In the present work, we describe the development of enhanced plasma chemical vapor deposition (PECVD) procedures used to modify the surface of polypropylene implants with multiple common chemical entities (e.g. carboxylic acid, amine and hydroxyl groups) suitable for a wide range of chemical and crosslinking applications such as molecule grafting, surface charge and increased hydrophilicity. The methods presented can be adapted for commercially available plasma machines, using any gas, liquid or solid monomer of choice. We evaluated the efficacy of these PECVD procedures to create optimal charged polypropylene substrates for Layer by Layer (LbL) coatings, as a charged substrate is required for cyclic electrostatic deposition of polyelectrolyte films with opposite charge. Due to the negligible wettability, charge and chemical reactive moieties in the surface of plastic biomaterials, the use of the LbL technique has largely been limited to natively charged materials. Therefore, the presented plasma irradiation methods have the potential to expand the applications of LbL coatings to multiple other medical devices.

Materials and methods

Materials

A polypropylene mesh, Gynemesh® PS (Ethicon, Somerville, NJ) was used. Maleic anhydride, chondroitin sulfate B, chitosan (low molecular weight, deacetylation degree 85%) were purchased from Sigma Aldrich (St. Louis, MO).

Cleaning procedure for polypropylene mesh substrate

Polypropylene (PP) meshes were cleaned using a 1:1 acetone:isopropanol mixture under sonication for 30 seconds and then air dried prior to irradiation. Immediately before any PECVD treatment, cleaned polypropylene meshes were irradiated with argon plasma at 600W for 20 seconds, keeping the gas flow at 35 mL/min and a steady state pressure of 250 mTorr (50 mTorr initial pressure) using an Ion 40 Gas Plasma System (PVA Tepla America, Inc).

Maleic anhydride - PECVD treatment of polypropylene meshes

An adapted plasma irradiation procedure based on a previously developed microwave plasma procedure with solid maleic anhydride as a monomer was used to obtain a negatively charged surface with carboxylic acid groups7. In the present work, we have adapted this method to perform PECVD using solid maleic anhydride on more widely available standard plasma systems.
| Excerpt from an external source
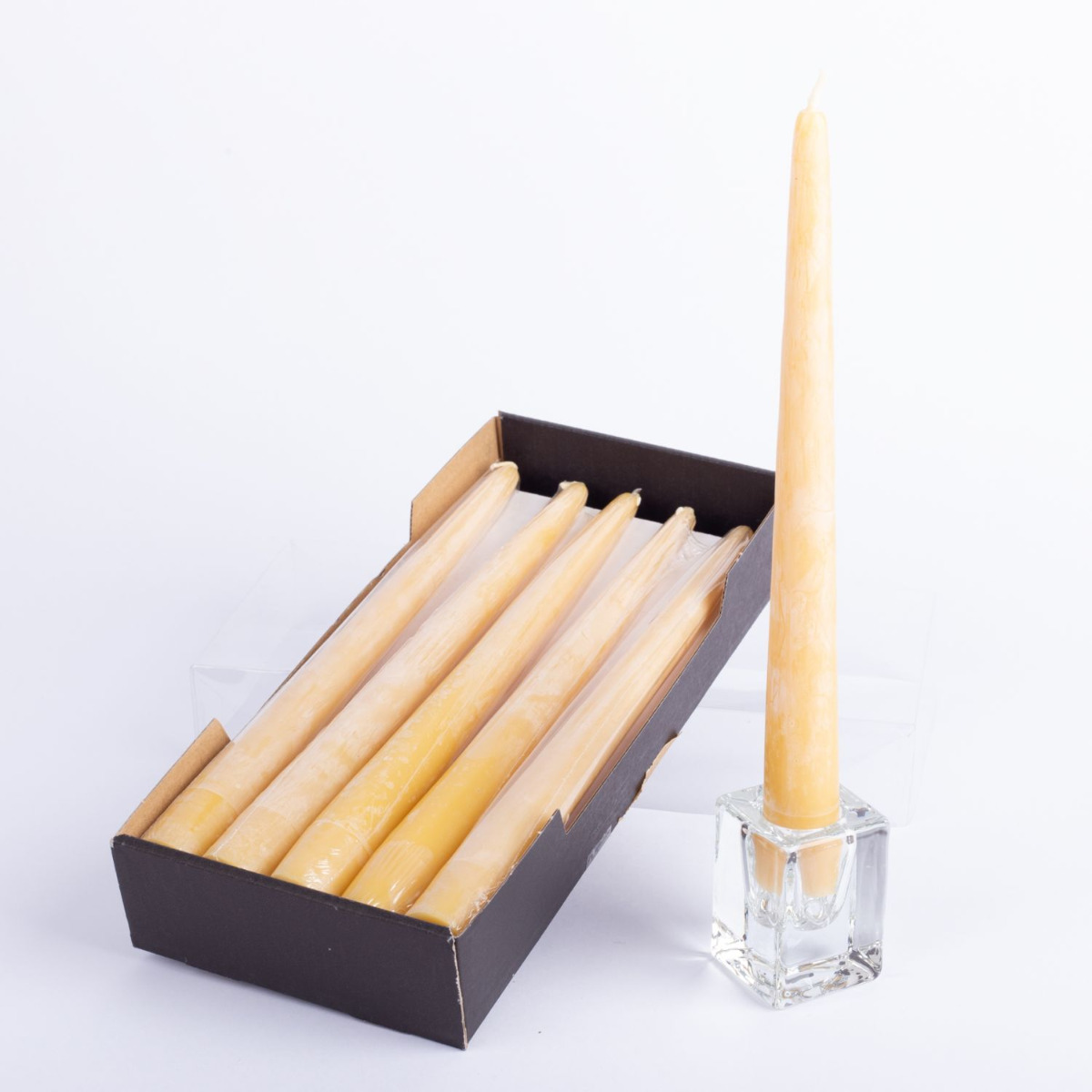 Beeswax dinner candle BABETTE, 6 pieces, natural-yellow, 10"/25cm, Ø1"/2,3cm, 7h - Made in Germany
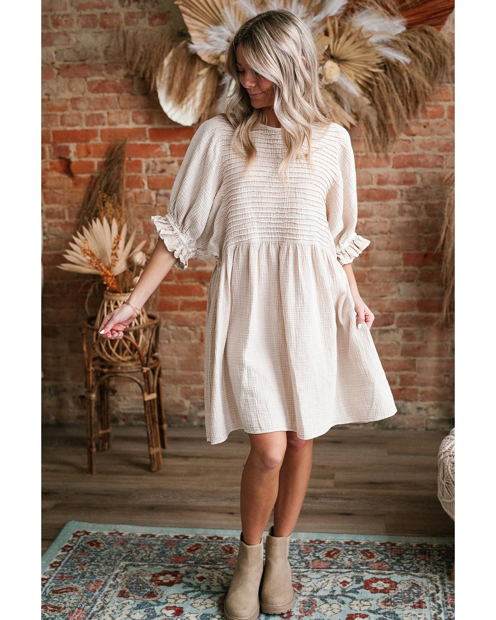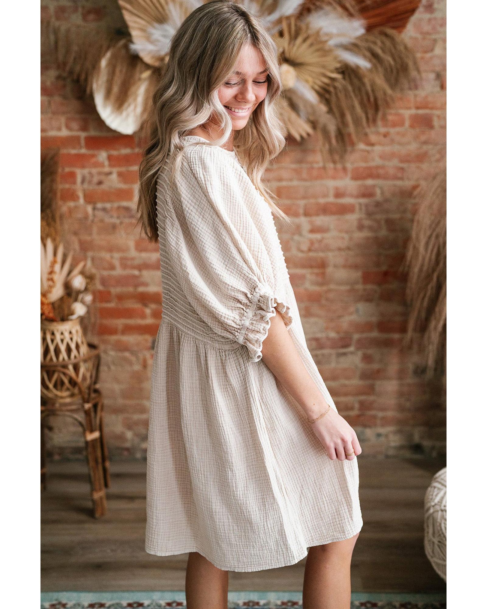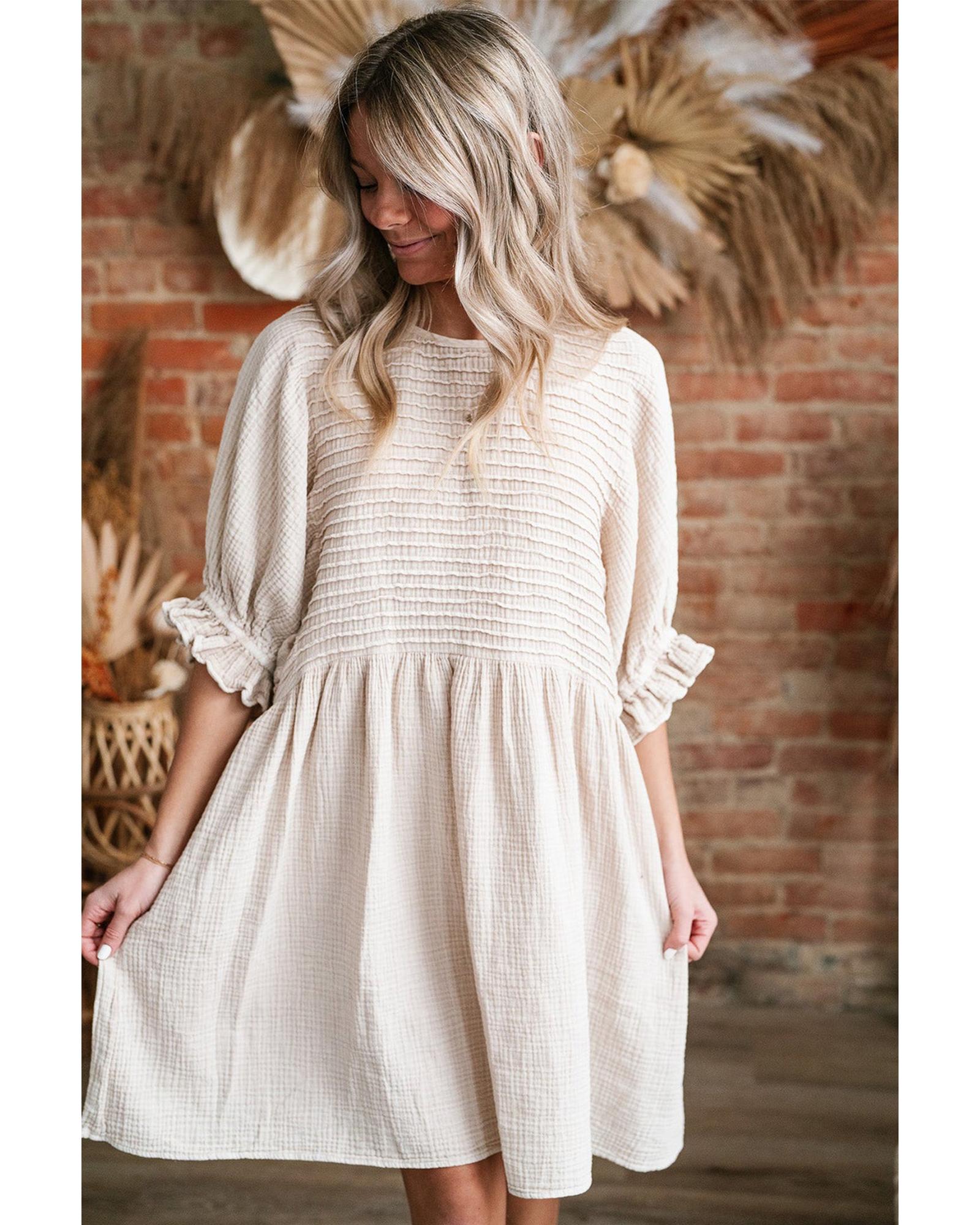 - White Textured Ruffled Puff Sleeve Loose Dress

Maleic anhydride powder (1.5 g) was placed into a glass plate inside of the reaction chamber. Cleaned 1 cm2 pieces of PP mesh were then placed around the plate to a distance of 8.5 cm. After an initial pressure of 50 mTorr was reached inside of the reaction chamber, maleic anhydride plasma irradiation was performed for 30 seconds at 600W, an argon gas flow of 35 mL/min and a steady state pressure of 250 mTorr. Finally, in order to remove the physisorbed maleic anhydride, hydrolyze the surface-bound anhydrides and produce carboxylic acid groups (negatively charged at physiological pH), PP meshes were rinsed for 30 minutes with milli-Q water and then boiled for 20 minutes in fresh milli-Q water.
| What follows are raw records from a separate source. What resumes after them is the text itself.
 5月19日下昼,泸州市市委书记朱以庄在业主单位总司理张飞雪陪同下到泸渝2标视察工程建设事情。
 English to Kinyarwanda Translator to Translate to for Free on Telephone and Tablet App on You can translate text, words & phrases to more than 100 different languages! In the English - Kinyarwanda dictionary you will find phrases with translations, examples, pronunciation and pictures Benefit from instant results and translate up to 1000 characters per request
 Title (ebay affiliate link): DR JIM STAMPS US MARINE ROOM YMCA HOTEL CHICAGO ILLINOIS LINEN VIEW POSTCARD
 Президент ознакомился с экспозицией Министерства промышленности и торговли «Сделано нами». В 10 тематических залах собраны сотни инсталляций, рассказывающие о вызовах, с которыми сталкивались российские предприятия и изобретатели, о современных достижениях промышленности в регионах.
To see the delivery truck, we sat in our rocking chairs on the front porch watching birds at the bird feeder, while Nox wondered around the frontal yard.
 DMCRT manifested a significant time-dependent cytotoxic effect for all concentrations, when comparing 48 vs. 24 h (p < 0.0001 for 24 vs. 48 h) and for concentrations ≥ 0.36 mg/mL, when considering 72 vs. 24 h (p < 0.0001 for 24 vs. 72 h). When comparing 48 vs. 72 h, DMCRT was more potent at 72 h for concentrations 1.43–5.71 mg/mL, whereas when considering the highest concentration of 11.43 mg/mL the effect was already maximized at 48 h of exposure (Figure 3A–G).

Allylamine - PECVD treatment of polypropylene meshes

Allylamine was used to provide amine groups and a positive charge in the surface of polypropylene. Cleaned 1 cm2 pieces of PP mesh were placed inside the reaction chamber. After an initial pressure of 50 mTorr was reached, allylamine plasma irradiation was performed for 5 minutes at 300W, an allylamine gas flow of 180 mL/min, a steady state pressure of 350 mTorr, a 20% cycle duty and a frequency of 150 hertz. Finally, in order to remove the physisorbed allylamine, PP meshes were rinsed for 30 minutes with milli-Q water and then boiled for 20 minutes in fresh milli-Q water.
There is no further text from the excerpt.